O Tribunal de Justiça da União Europeia anulou hoje a medida tomada pelas 27 nações que havia congelado as contas de duas pessoas supostamente ligadas ao terrorismo islâmico, como fizeram em outros casos similares por falhas no procedimento.
A decisão atende a recursos movidos pelo líbio Faraj Hassan e o tunisiano Chafiq Ayadi, apontados pela ONU como vinculados a Osama bin Laden, Al Qaeda e os talibãs.

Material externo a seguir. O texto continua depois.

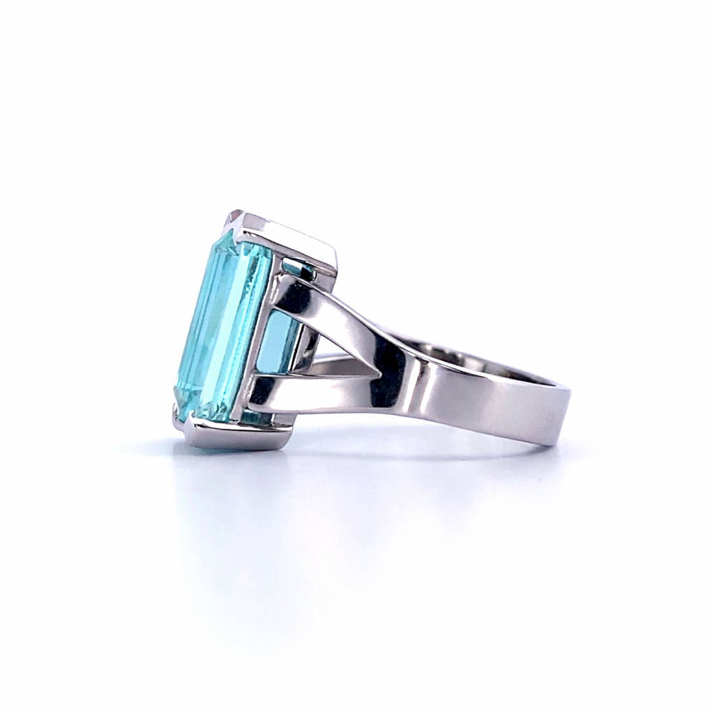 Deze smaragd geslepen Aquamarijn, met zijn zachte blauwgroene gloed, straalt rust en elegantie uit. De steen is gezet in een strakke 18 karaat witgouden zetting, die de natuurlijke vorm van de Aquamarijn (Beryl) benadrukt. Een ontwerp dat kracht en sereniteit verenigt.
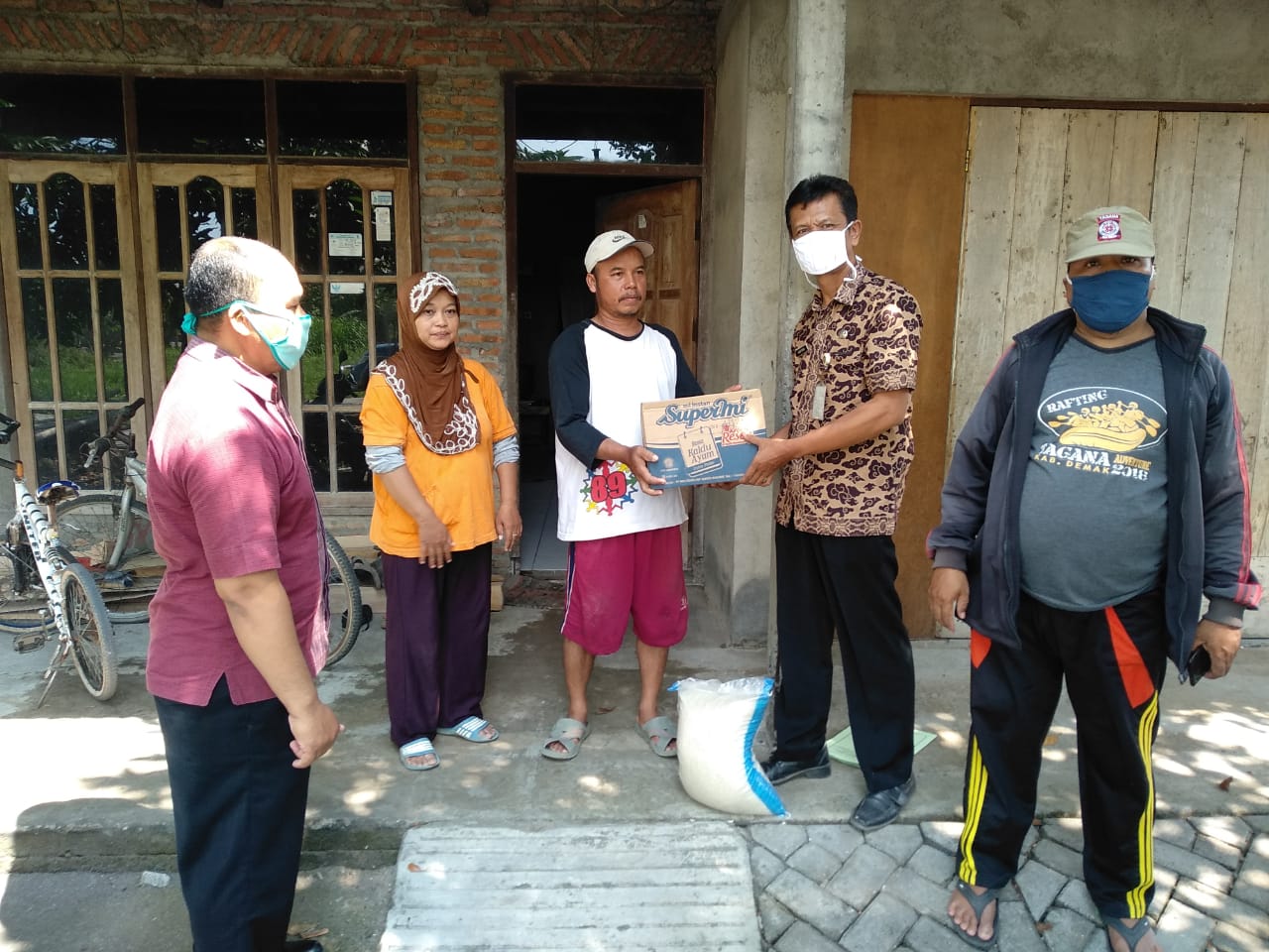 Penyaluran bantuan BerasĀ 10 kg dan 1 dus supermi pada hari Selasa tanggal 9 Juni 2020 pukul 13.10 WIB kepada Bapak Suyono tetangga Ibu Muniroh yang terpapar Covid-19 di Desa Sumberejo Rt 03 Rw 06 Kecamatan Mranggen yang disaksikan oleh Kepala Desa Sumberejo Kecamatan Mranggen, Perangkat desanya dan Relawan Tagana dari Pemerintah Kabupaten Demak melalui Dinas Sosial, Pemberdayaan Perempuan dan Perlindungan Anak Kabupaten Demak yang dalam hal ini diwakili Kasi Perlindungan Sosial Korban Bencana (Haryono).

Com isso, a Corte anula o congelamento das contas dos dois supostos terroristas porque a medida fere o regulamento e ultrapassa decisões do Comitê de Sanções da ONU.
A falha não representa o desbloqueio dos fundos de Hassan e Ayadi, mas uma nova decisão contra o sistema utilizado pela UE para congelar as contas de pessoas supostamente vinculadas à Al Qaeda.
Como em casos anteriores, o Tribunal de Justiça considera que no processo de Hassan e Ayadi não foram respeitados os direitos de defesa nem o direito fundamental de respeito à propriedade, explicou em comunicado.
Além de várias sentenças contra o regulamento de transposição das sanções da ONU, os juízes comunitários falharam no modo como o Conselho da UE incluía pessoas e entidades na lista de terroristas, que já foi corrigida.